The beat up tractor sitting in the yard between the house and the barn made good cover as Bucky and Barton crouched down to regroup. Bucky held out his hand, four round silver balls with sizeable blast radiuses rested in the palm of his metal hand.
"Shit," Barton said, shaking his head. "I … can't. It's my home."
"It's compromised," Bucky said.
Barton leaned back against the tractor, staring at the sky. "I can't look. Just do it."
Bucky's aim was true. Two grenades shattered through windows on the ground floor and two went crashing through windows on the second.
Clint wished he'd had a chance to shut off his hearing aids before the blasts shook the night.
XxXxXxXxXx
Laura turned to check on the kids when an explosion from above shook the room and the lights flickered.
Lila whimpered as Lucky started to bark. Nathanial was crying and Cooper was at her side, tugging on her shirt. "Mom."
Under the commotion, she could hear a beeping, like something was counting down. "No," she cried. "Under the bed," she ordered as she herded everyone to the floor, cramming them under the bunk.

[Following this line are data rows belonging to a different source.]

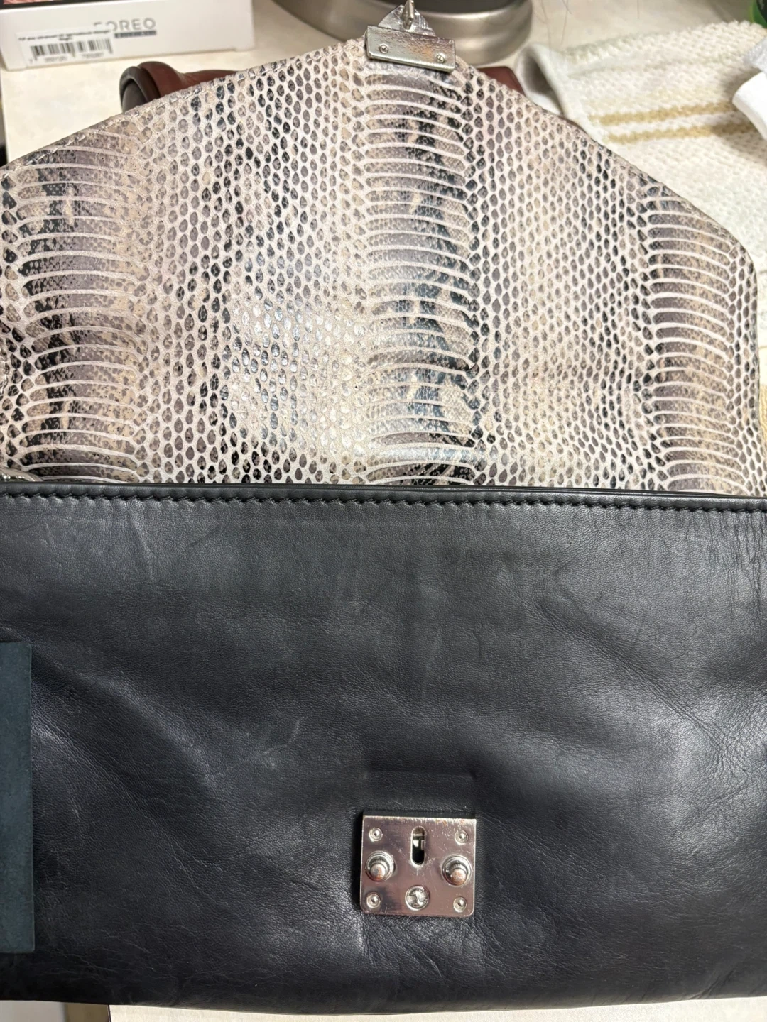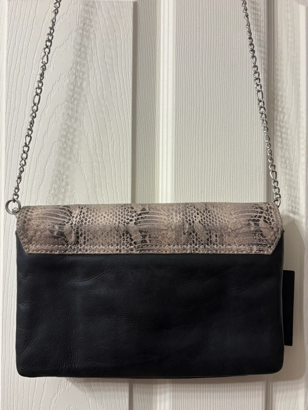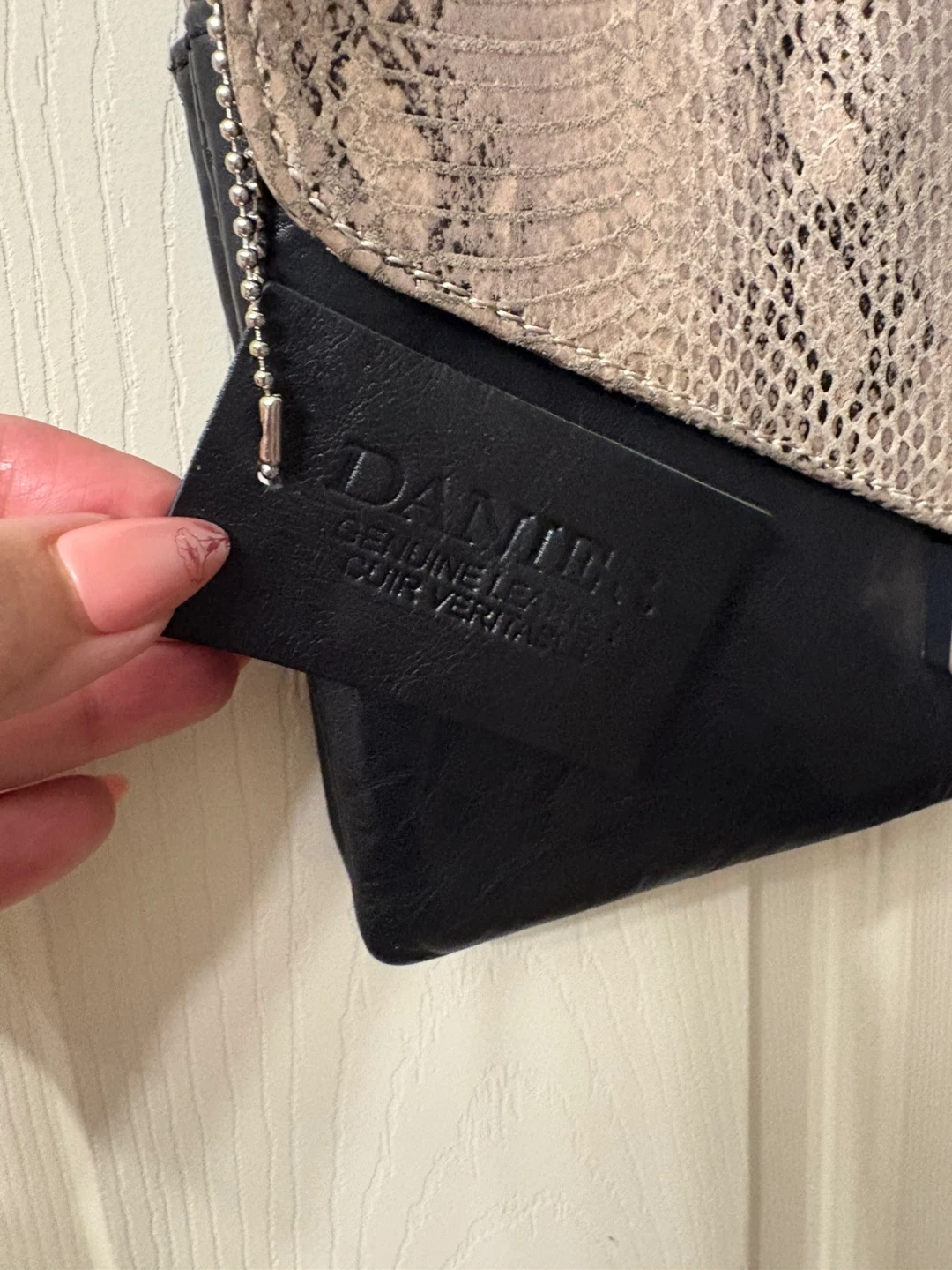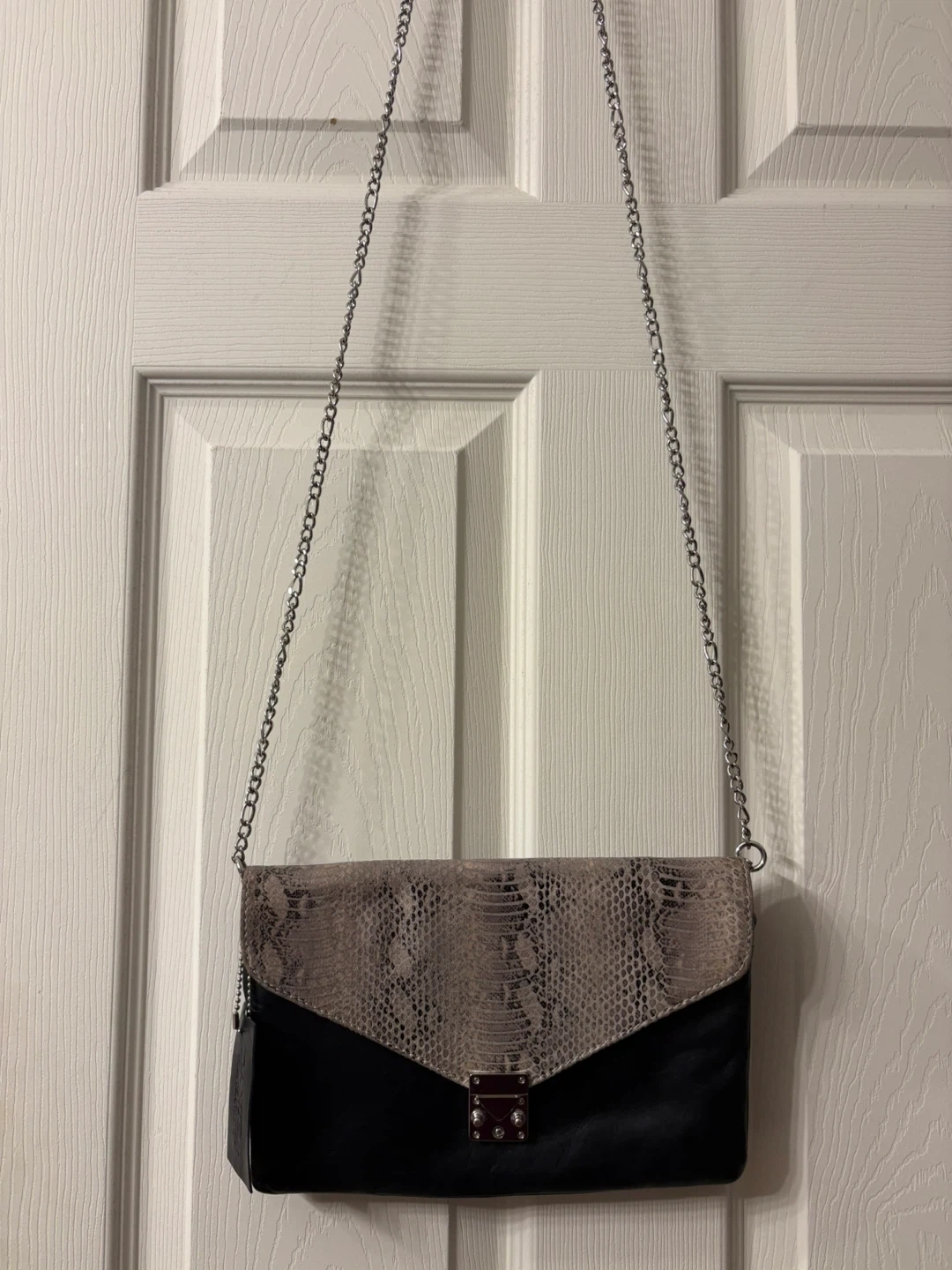 This DANIER clutch purse features a stylish black base with a textured snake print flap. It comes with a silver chain strap for versatile wear. Genuine leather. Perfect “like new” condition! Small elegant bag that fits a lot! Pick up in Chestermere.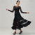 Rochie de dans de salon pentru femei, cu volane stratificate, plasă, mânecă lungă, elegantă, pentru concurs, tango, vals, foxtrot - neagră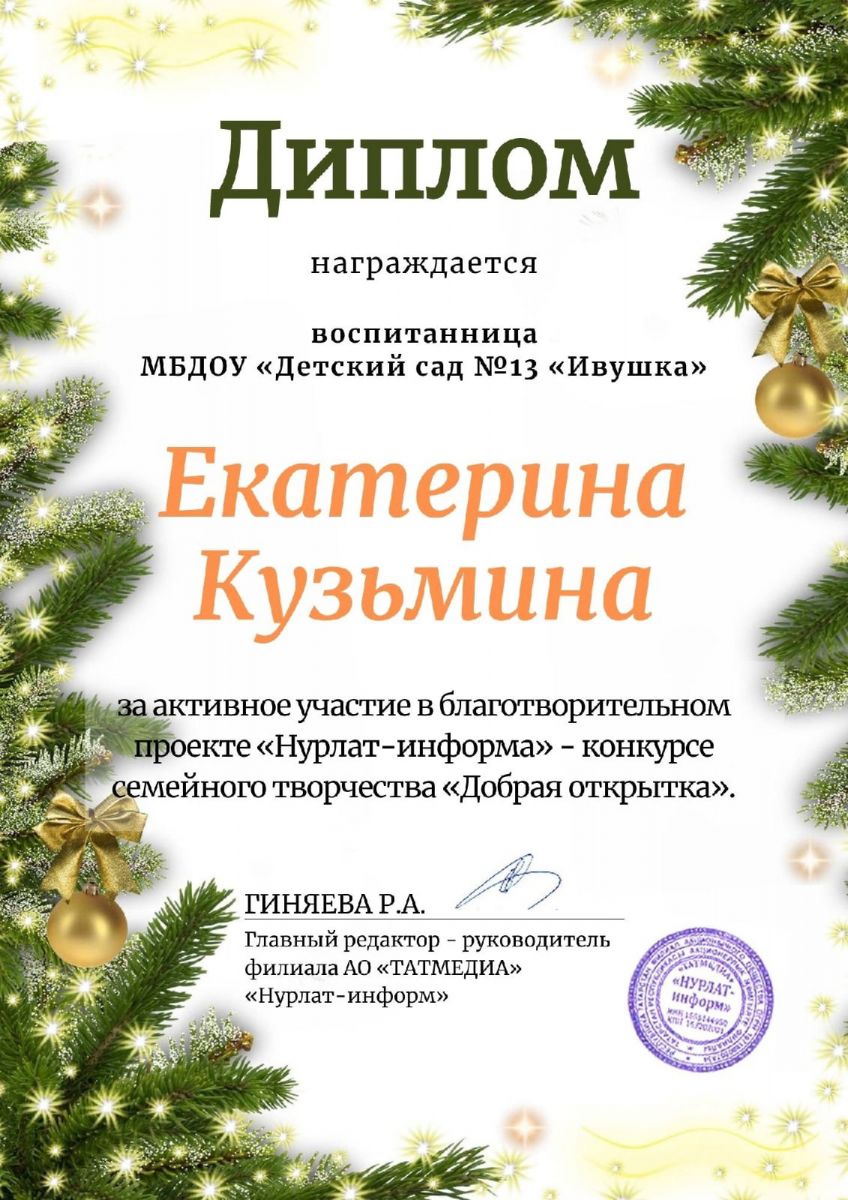 Диплом за активное участие в конкурсе семейного творчества "Добрая открытка" Екатерина К.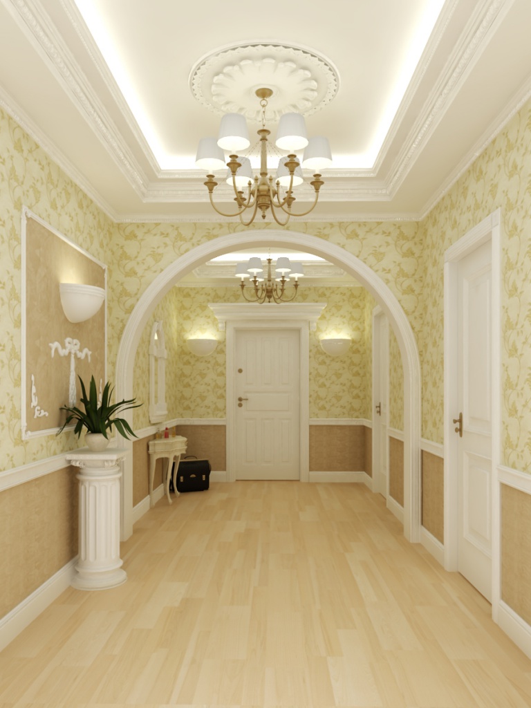 If you install the arch in a room made in classic style, you need to choose a model with perfect shapes. So, its radius should be half the width of the doorway. Wood and polyurethane molding are also perfect for finishing.Also for the decor in this case is used and polished marble.

She had her back to the room, shielding her kids.
Lucky stood guard, growling ominously.
The beeping stopped and she squeezed her eyes shut, waiting the world to come crashing down. A muffled blast sounded on the other side of the door and then nothing … silence. She peeked over her shoulder. The room was intact. No damage at all. So far, Fury's promises were holding true.